TestRange.objects.filter(period__contained_by=DateTimeTZRange(
    datetime(2025, 8, 1, tzinfo=timezone.utc),
    datetime(2025, 8, 3, tzinfo=timezone.utc),
))

In SQL, the operator now points in the other direction: <@:

select * from data_testrange where period <@ '[2025-08-01, 2025-08-03)';

Overlaps

Very similar to contained_by, but matches all the time ranges “touching” the period, not needing to be fully contained:

The function for this is overlap, and it also requires another Range object:

TestRange.objects.filter(period__overlap=DateTimeTZRange(
    datetime(2025, 8, 2, tzinfo=timezone.utc),
    datetime(2025, 8, 5, tzinfo=timezone.utc),
))

In SQL, this operator is &&:

select * from data_testrange where period && '[2025-08-02, 2025-08-05)';

More

PostgreSQL supports many other query operators, useful for checking emptiness, adjacency, full "less/greater than", etc; most of those have queryset filter operations in Django to match.

Performance

Range fields are not only ergonomic, depending on your case they could also be more performant.

⚠️ Warning: this is an isolated example, results may vary with your database! Always measure before optimizing!

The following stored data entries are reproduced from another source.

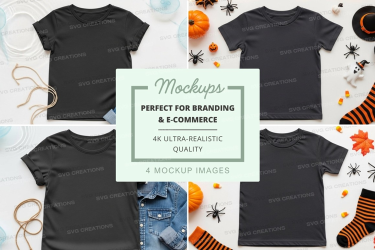 Kids Halloween T-shirts Mockup Accessories Seasonal Pumpkins Socks Spiders
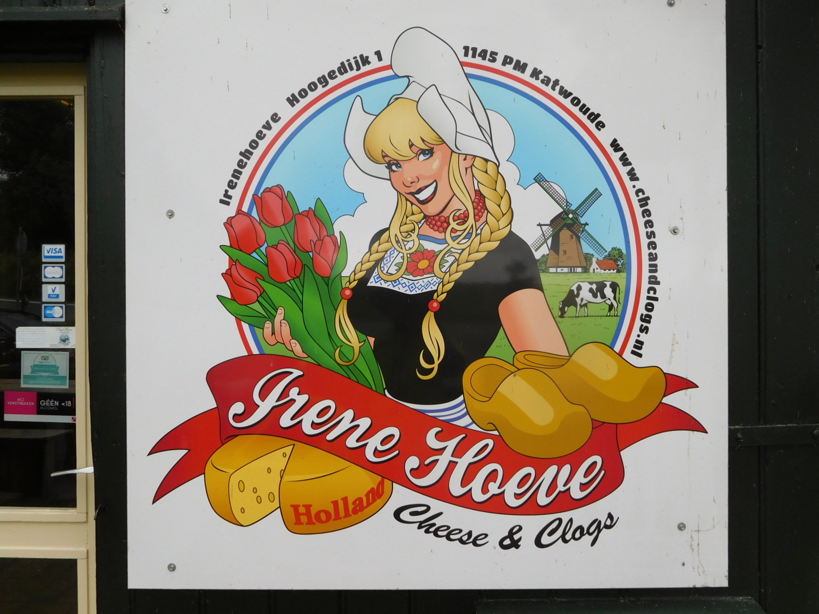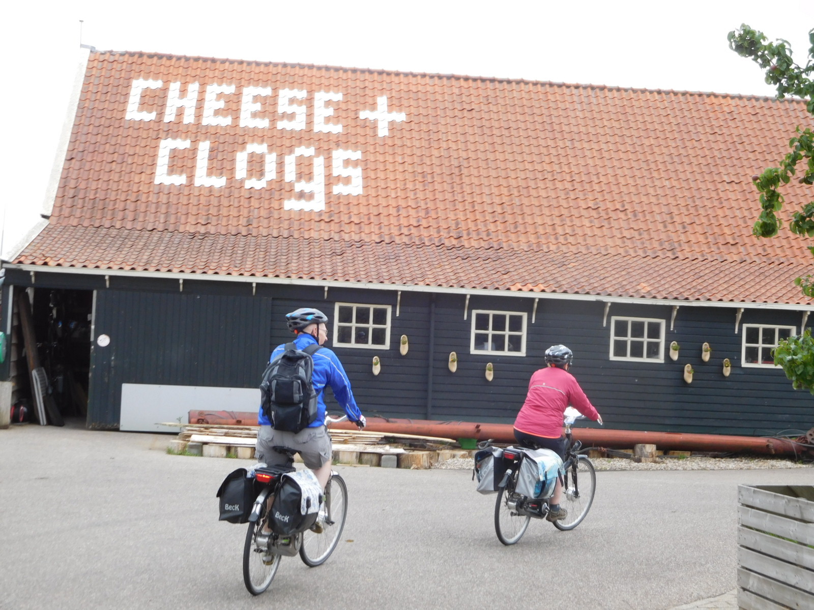 Just beyond Monnickendam, near Katwoude, we came to two very entertaining if touristy attractions. The first seemed so blatant that I was a little surprised Dodie pulled in. Actually, we like touristy things. This one featured the words "Cheese + Clogs" boldly on the roof, and a rather "cheesy" logo.
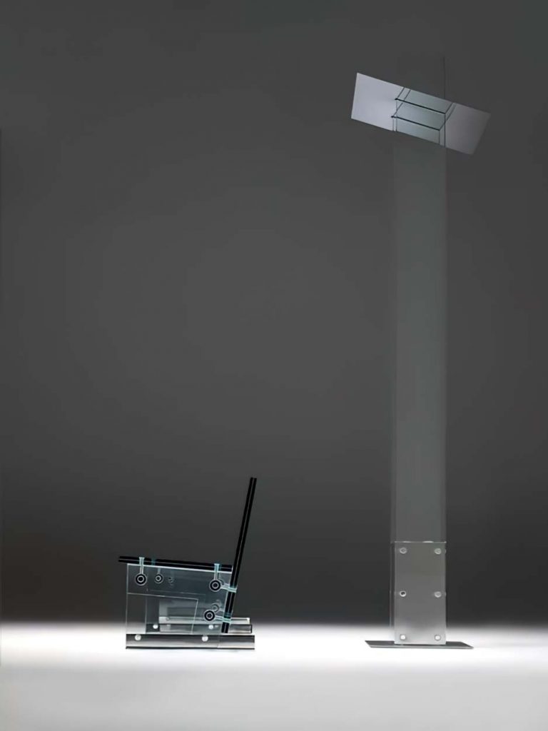 The light runs through the glass like a sap through a plant, starting from the earth and expanding towards the sky.
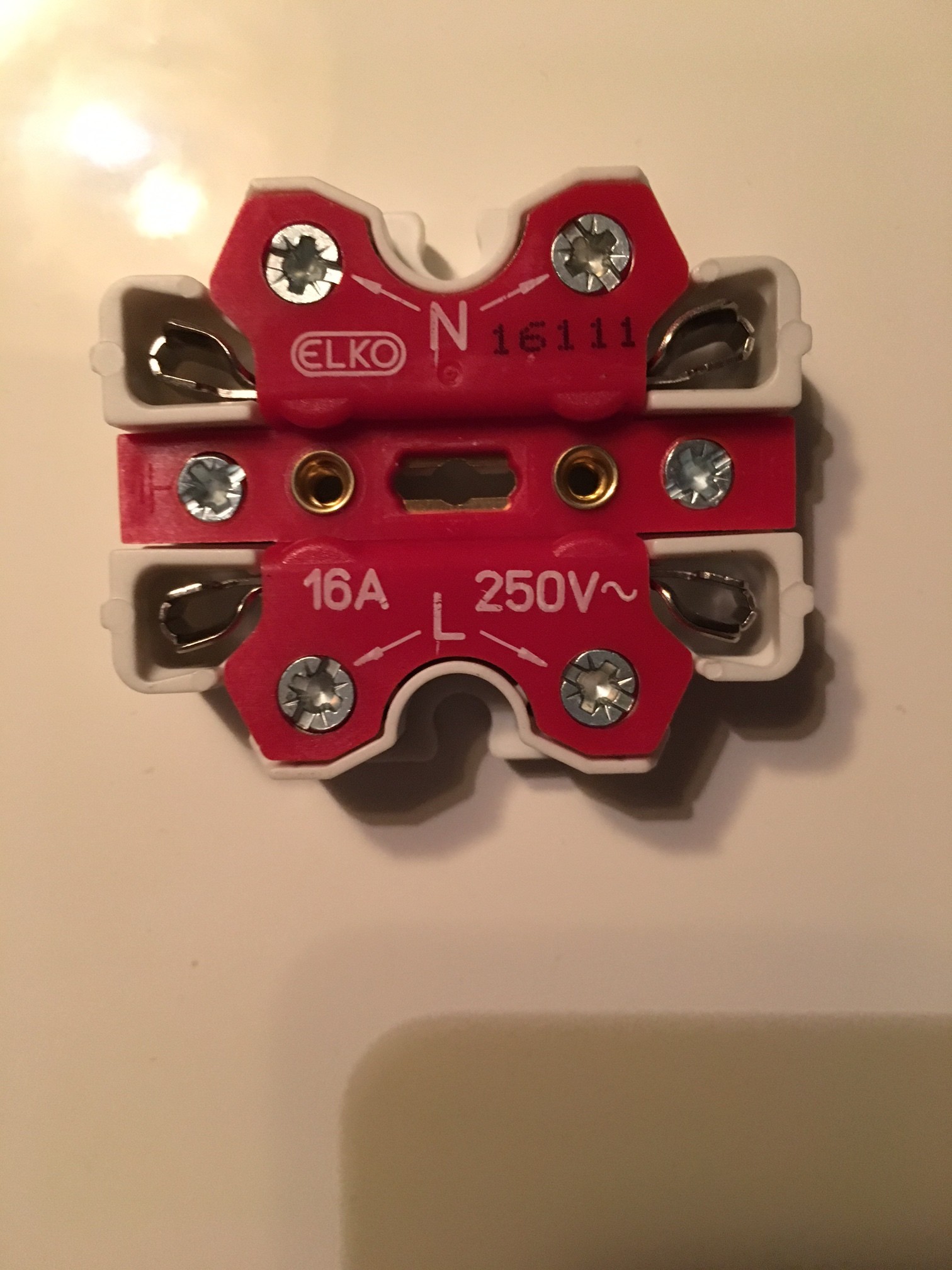 Jag har följande fyra trådar som kommer ut ur väggen och ska koppla dessa till ett tvåvägs uttag.

So, given the two models described in the beginning of the article: one with the old-style start/end time fields, and another with a single range time field; let’s create the same one-million entries on each:

# Creates 1M entries of 1 minute, every 5 minutes:
test_start = datetime(2020, 1, 1, tzinfo=timezone.utc)
for i in range(1_000_000):
    start = test_start + timedelta(minutes=5 * i)
    end = start + timedelta(minutes=1)
    TestStartEnd.objects.create(start=start, end=end)  # Start/end time fields
    TestRange.objects.create(period=DateTimeTZRange(start, end))  # Time range field

For the start/end model, let’s use a BRIN index, since it is very efficient with time values that grow over time; and after that, run the query with explain analyze to check its Query Plan and the time taken:

create index idx_teststartend on data_teststartend using brin ("start", "end");

explain analyse -- List entries from April 2025:
select * from data_teststartend where "start" >= '2025-04-01' and "end" < '2025-05-01';

Query Plan:

 Bitmap Heap Scan on data_teststartend  (...)
   Recheck Cond: (("start" >= '2025-04-01') AND ("end" <= '2025-05-01'))
   Rows Removed by Index Recheck: 11456
   Heap Blocks: lossy=128
   ->  Bitmap Index Scan on idx_teststartend  (...)
         Index Cond: (("start" >= '2025-04-01') AND ("end" <= '2025-05-01'))
 Planning Time: 0.153 ms
 Execution Time: 3.105 ms

So, for this scenario, the number to beat is about 3 milliseconds.

Now, let’s do the same for the model with the time range field; the only difference is the type of index used: PostgreSQL’s documentation suggests the use of a GIST index:

create index idx_testrange on data_testrange using gist (period);

explain analyse -- List entries from April 2025:
select * from data_testrange where period <@ '[2025-04-01, 2025-05-01)';

Query Plan:

 Bitmap Heap Scan on data_testrange  (...)
   Recheck Cond: (period <@ '["2025-04-01", "2025-05-01")')
   Heap Blocks: exact=65
   ->  Bitmap Index Scan on idx_testrange  (...)
         Index Cond: (period <@ '["2025-04-01", "2025-05-01")')
 Planning Time: 0.333 ms
 Execution Time: 2.196 ms

This went down from about 3 to 2 milliseconds.

Going deeper

In this article, I focused on time ranges because I used it recently in a system, but PostgreSQL supports other types of ranges:

  • Integers (both 32 and 64 bits).
  • Floats.
  • Time without timezone.
  • Date (day only, without hours and minutes).

They all have respective Django fields, and they all support the same operators described here for the time range.

I suggest you consider ranges of any type for your systems. They can make your data model mode concise and resilient, your code more idiomatic, and have overall better performance if you can pick the right indexes.